The deadline for applications for the Roger Soderstrom scholarship is fast approaching!
The Roger Soderstrom Scholarship honours the late Roger Soderstrom’s work and career with the Government of Alberta in encouraging preservation and interpretation of Alberta’s heritage.
The applicant must be a permanent Alberta resident enrolled in a graduate or extended study program with a proposed research project at that level, in the following fields, but not limited to:
architectural preservation
urban or area planning and conservation
historic resource management
archaeology
history
palaeontology
The research project must have significant Alberta content and will help with the preservation or understanding of Alberta’s heritage.
Guidelines for the scholarship, along with instructions on how to apply, are available on Alberta.ca.

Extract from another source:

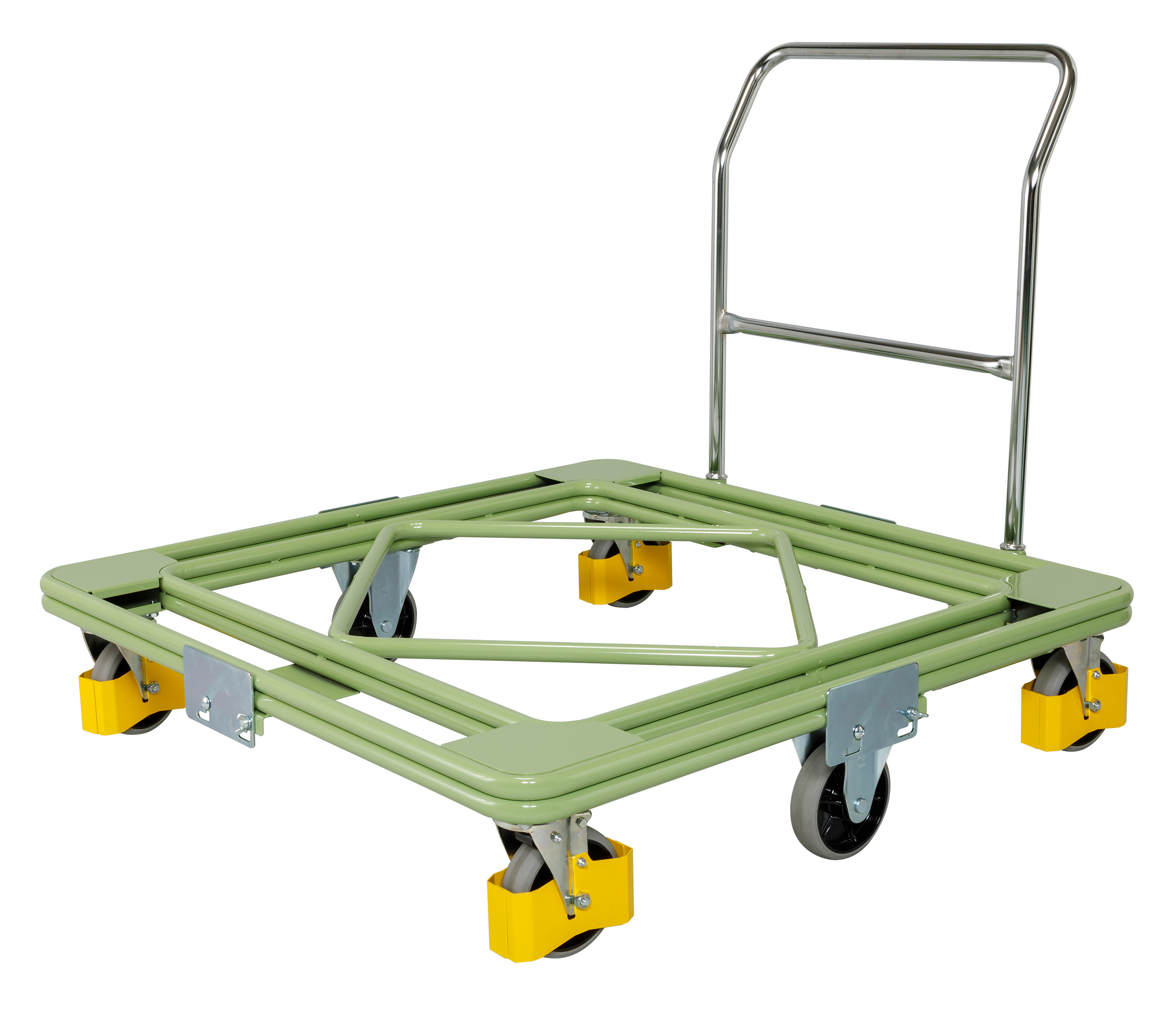 その場で方向転換ができるクイックターン方式を採用。独自の開発により旋回スペースが小さく小回りができ、狭い所でもスムーズに方向転換が可能。キャスターは巻き込み防止カバー付。

Thank you to our guest author Ashley Henrickson for this interesting post. Ashley is a M.A. student at the University of Lethbridge and the Museum Educator at the Galt Museum and Archives. Her research examines the experiences of young people living in the Canadian Prairies whose fathers or brothers served overseas during the First World War. Ashley received the Roger Soderstrom Scholarship in 2017. The funds from this scholarship allowed her to visit archives across Alberta and present her research at “Children, Youth, and War,” a symposium hosted by the University of Georgia.
A never-ending cycle of children, chores, and neighbors cut through Isabelle Brook’s home, constantly interrupting the letters she wrote at her kitchen table. Isabelle apologized for her “jumbled up” proses as she paused to prepare dinner, answer the door, or tend to her busy children: “Alice is here wiggling around like a little eel, so I must quit”; “Gordon is wakening up I must go”; “Glen’s upset the ink over the table cloth now.” The constant movement suggests that life for Isabelle and her five children may have been lonely without their father, but it was not dull.
The hundreds of “jumbled up” letters that Isabelle wrote from her kitchen table in Craigmyle, Alberta, are a valuable and vibrant record of Alberta’s past. She sent these letters to her forty-five-year-old husband, Sidney Brook, who served on the Western Front with the Canadian Expeditionary Force from 1916-1918. In response Sidney sent hundreds of letters to his family, which were preserved alongside Isabelle’s by their descendants and then donated to the Glenbow Archives. The Brook’s collection is especially valuable because very few letters sent from families living in Alberta to soldiers serving overseas have survived to the modern day. This is because soldiers, like Sidney, were constantly moving across the Western Front and had to carry all their personal belongings with them. This forced them to destroy all but a few precious letters that they could fit in their pocket.